Exercise = Identify the line with "Ida Mussolini, la"; copy word for word that line and every one after it, to the end of the listing. Exclude pictures.

Supplied material =
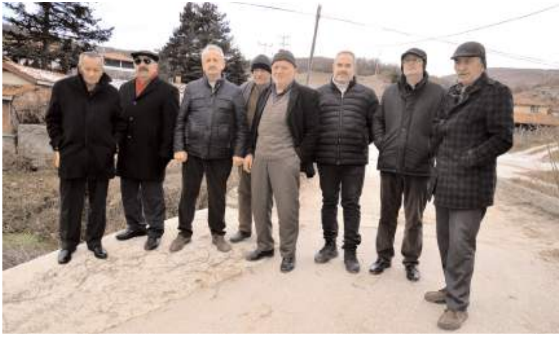
Köy sakinleri sorunlarını dile getirdi.
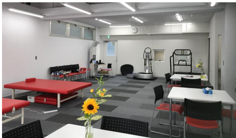
ルネサンス リハビリセンター鎌倉
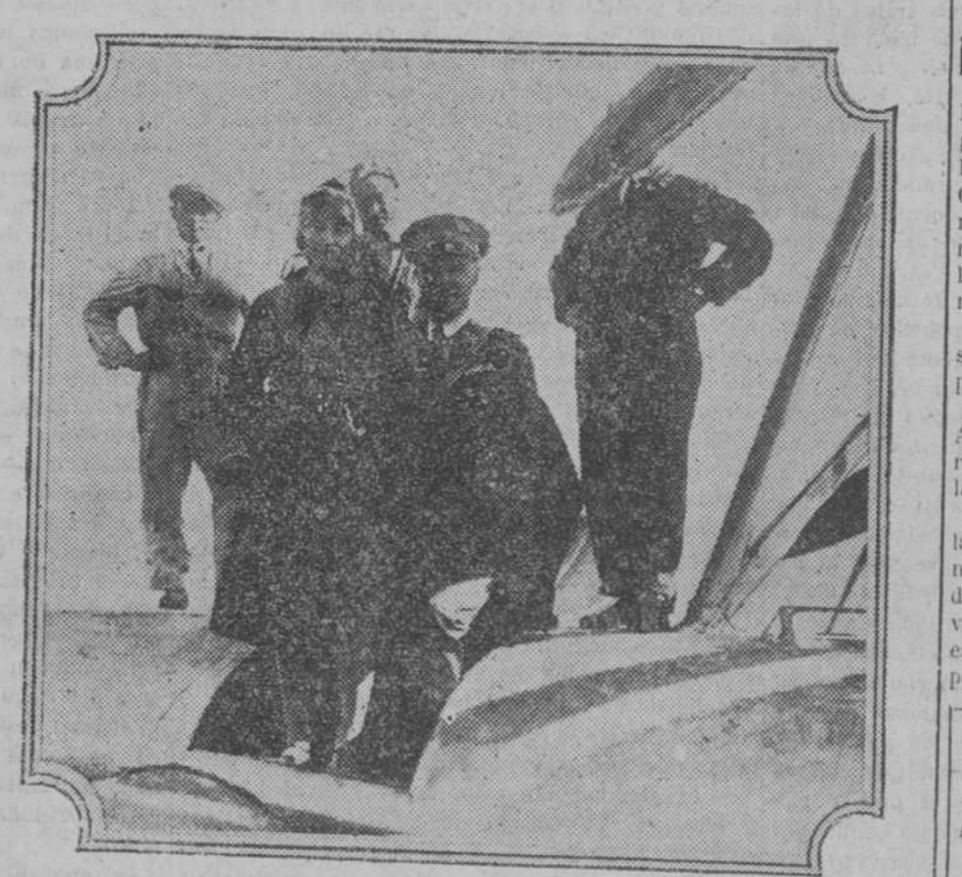
Ida Mussolini, la hija mayor del jefe del Gobierno italiano, después de su primer viaje en aeroplano
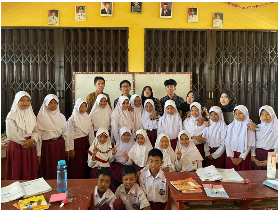
Sosialisasi dan mengajar di SDN 11 Tegineneng

Reply to the exercise =
Ida Mussolini, la hija mayor del jefe del Gobierno italiano, después de su primer viaje en aeroplano
Sosialisasi dan mengajar di SDN 11 Tegineneng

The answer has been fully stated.